Your goal: Exact copy, no pictures: output each line below as it stands.

Information supplied:
··········

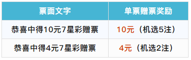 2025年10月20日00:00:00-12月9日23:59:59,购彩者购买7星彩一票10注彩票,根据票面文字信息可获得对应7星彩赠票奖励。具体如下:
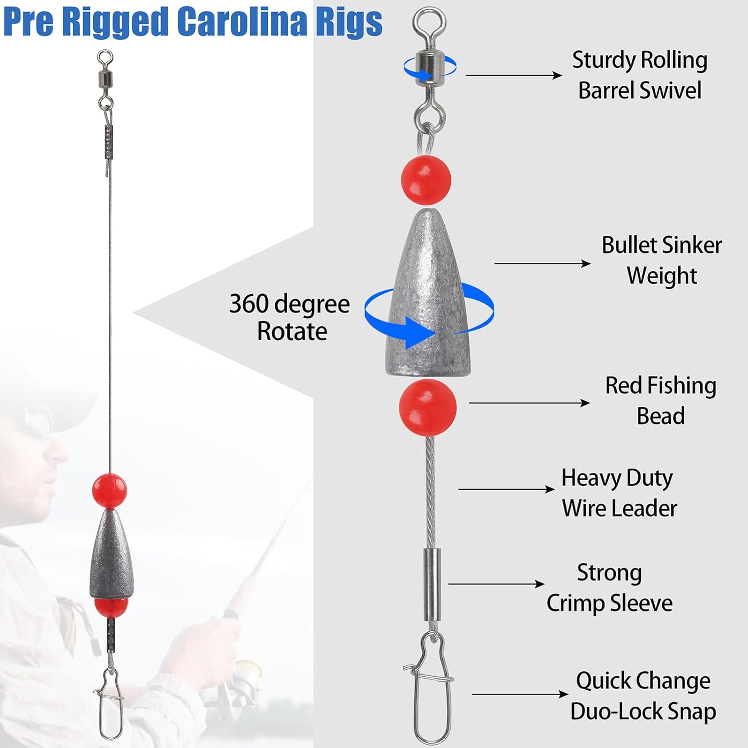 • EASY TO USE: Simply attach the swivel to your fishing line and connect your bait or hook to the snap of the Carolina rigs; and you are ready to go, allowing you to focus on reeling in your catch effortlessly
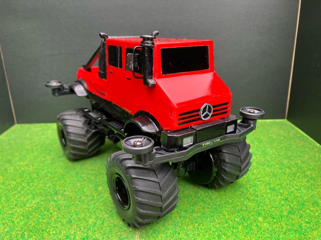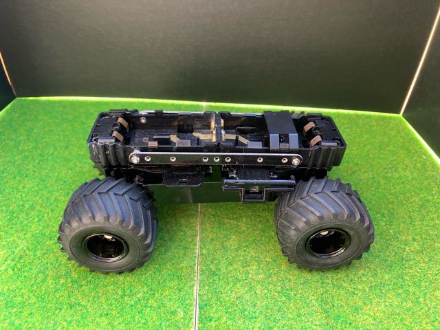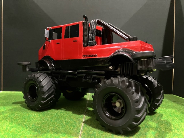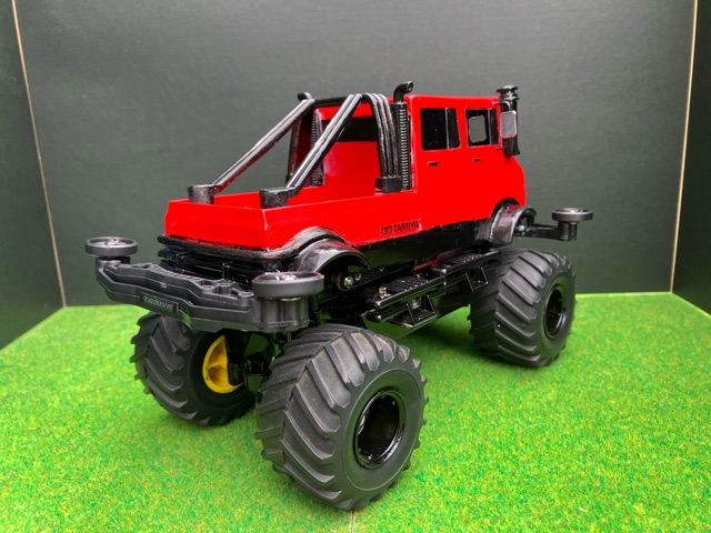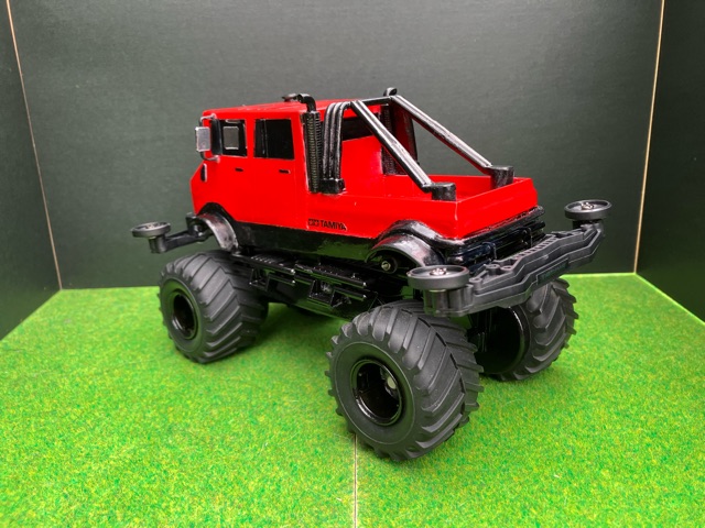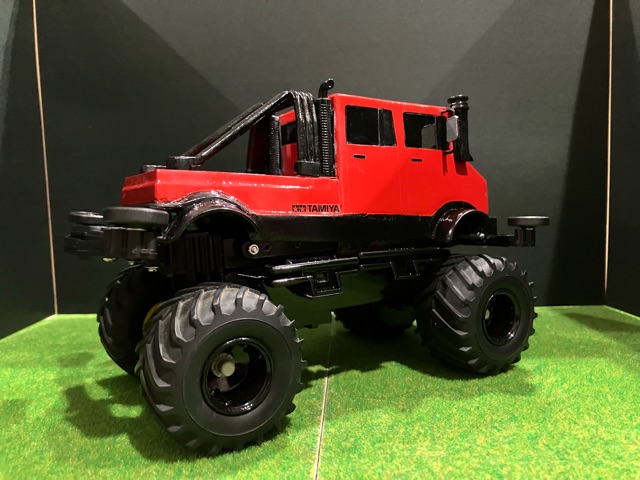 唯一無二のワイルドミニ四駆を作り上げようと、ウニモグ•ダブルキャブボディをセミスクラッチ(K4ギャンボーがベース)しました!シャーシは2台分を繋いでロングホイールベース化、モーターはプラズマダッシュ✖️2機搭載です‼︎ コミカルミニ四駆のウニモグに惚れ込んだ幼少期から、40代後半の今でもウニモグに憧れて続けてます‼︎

··········

Problem solution:
 2025年10月20日00:00:00-12月9日23:59:59,购彩者购买7星彩一票10注彩票,根据票面文字信息可获得对应7星彩赠票奖励。具体如下:
 • EASY TO USE: Simply attach the swivel to your fishing line and connect your bait or hook to the snap of the Carolina rigs; and you are ready to go, allowing you to focus on reeling in your catch effortlessly
 唯一無二のワイルドミニ四駆を作り上げようと、ウニモグ•ダブルキャブボディをセミスクラッチ(K4ギャンボーがベース)しました!シャーシは2台分を繋いでロングホイールベース化、モーターはプラズマダッシュ✖️2機搭載です‼︎ コミカルミニ四駆のウニモグに惚れ込んだ幼少期から、40代後半の今でもウニモグに憧れて続けてます‼︎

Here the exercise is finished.